Hence, $\text{Im}(\partial_2)=\langle a+b-c,2a\rangle$. Fortunately, the other maps are easier to analyze: $\partial_1:a,b,c\mapsto v-v=0$ so that $\text{Im}(\partial_1)=0$ and $\text{ker}(\partial_1)=\langle a,b-c,c\rangle$, and $\partial_0\equiv0$ implies that $\text{Im}(\partial_0)=0$, $\text{ker}(\partial_0)=C_0(K)$. Now then:

$H_2(K)=\text{ker}(\partial_2)/\text{Im}(\partial_3)=0/0\cong 0$,

$H_1(K)=\text{ker}(\partial_1)/\text{Im}(\partial_2)=\langle a,b-c,c\rangle/\langle a+b-c,2a\rangle$,

and

$H_0(K)=\text{ker}(\partial_0)/\text{Im}(\partial_1)=C_0(K)/0\cong\mathbb{Z}$.

Of course, the above representation of $H_1(K)$ is hardly satisfying, so to remedy that, we turn to a little algebra.

In the quotient, $a+b-c=0=2a$. Note that $2a=0$ implies that the homology group will have torsion in the form of a $\mathbb{Z}/2\mathbb{Z}$ summand.
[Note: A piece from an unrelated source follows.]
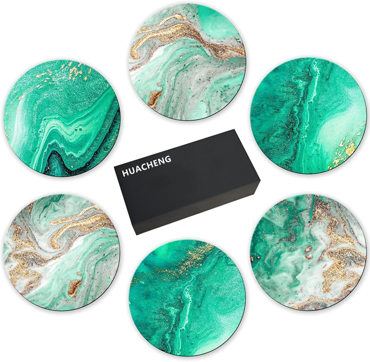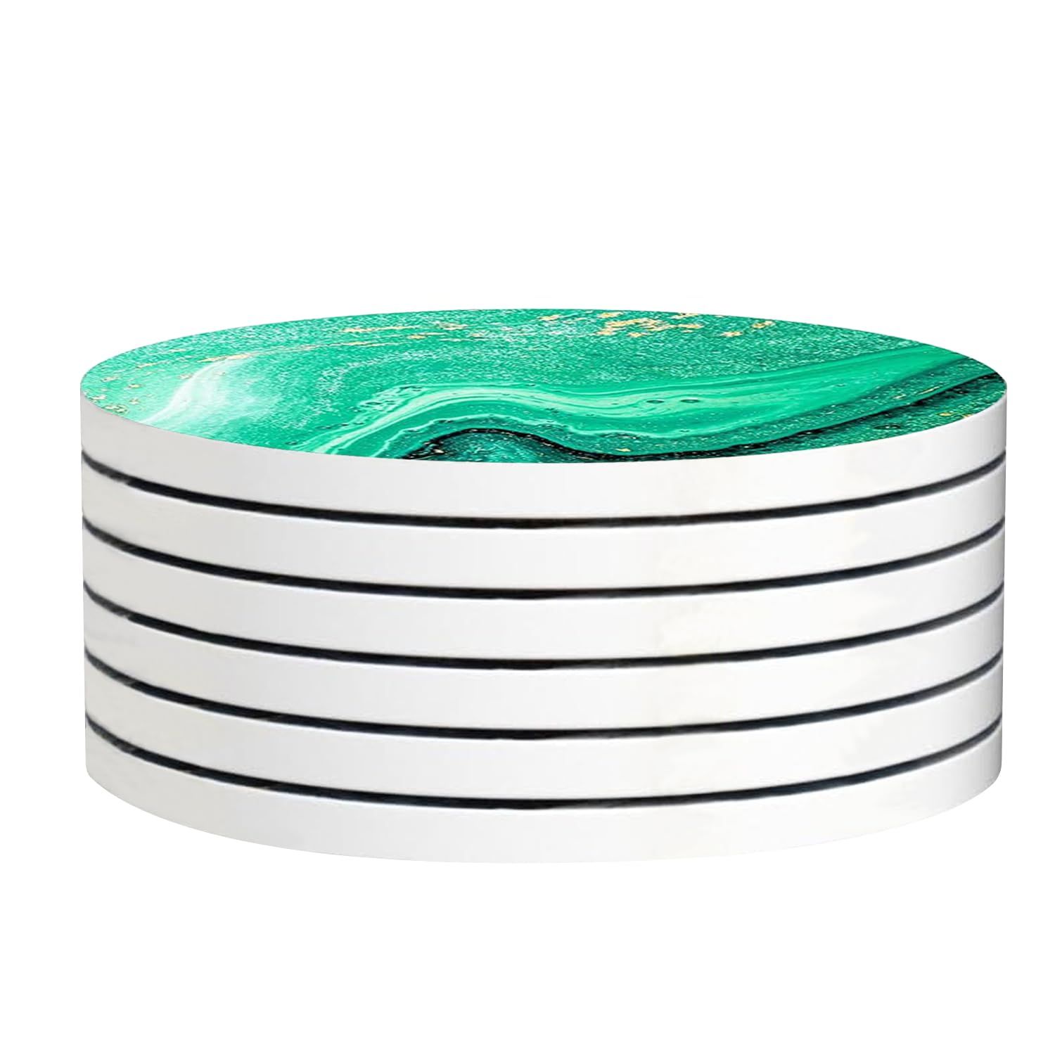 HUACHENG コースター おしゃれ 6個セット セラミック製 大理石模様 耐熱 保護コルク裏面 マグ お茶パッド カップマット 吸水 速乾 断熱 滑り止め 家庭用 オフィス用 ボヘミアン風 丸型 (グリーン)

Otherwise, $a+b-c=0$ precisely when $b-c=-a$. Therefore, the “numerator group” $\langle a,b-c,c\rangle$ is equivalent to the group $\langle a,c\rangle$, while the “denominator” group is precisely $\langle 0,2a\rangle=\langle 2a\rangle$. Hence, $H_1(K)$ has the form

$H_1(K)=\langle a,c\rangle/\langle 2a\rangle \cong \langle c\rangle\oplus \langle a\rangle/\langle 2a\rangle \cong \mathbb{Z}\oplus\mathbb{Z}/2\mathbb{Z}$.

$\square$

1. The choice of $b-c$ for the second component is allowable due to the fact that the matrix with rows $(1,0,0), (0,1,-1), (0,0,1)$ row reduces to the identity matrix, i.e. the basis $a,b-c,c$ is equivalent to the basis $a,b,c$. Moreover, considering the computations that follow, this basis makes the final computation more clear. Even clearer would have been the (also equivalent) basis $a,a+b-c,c$, a fact I didn’t realize until later.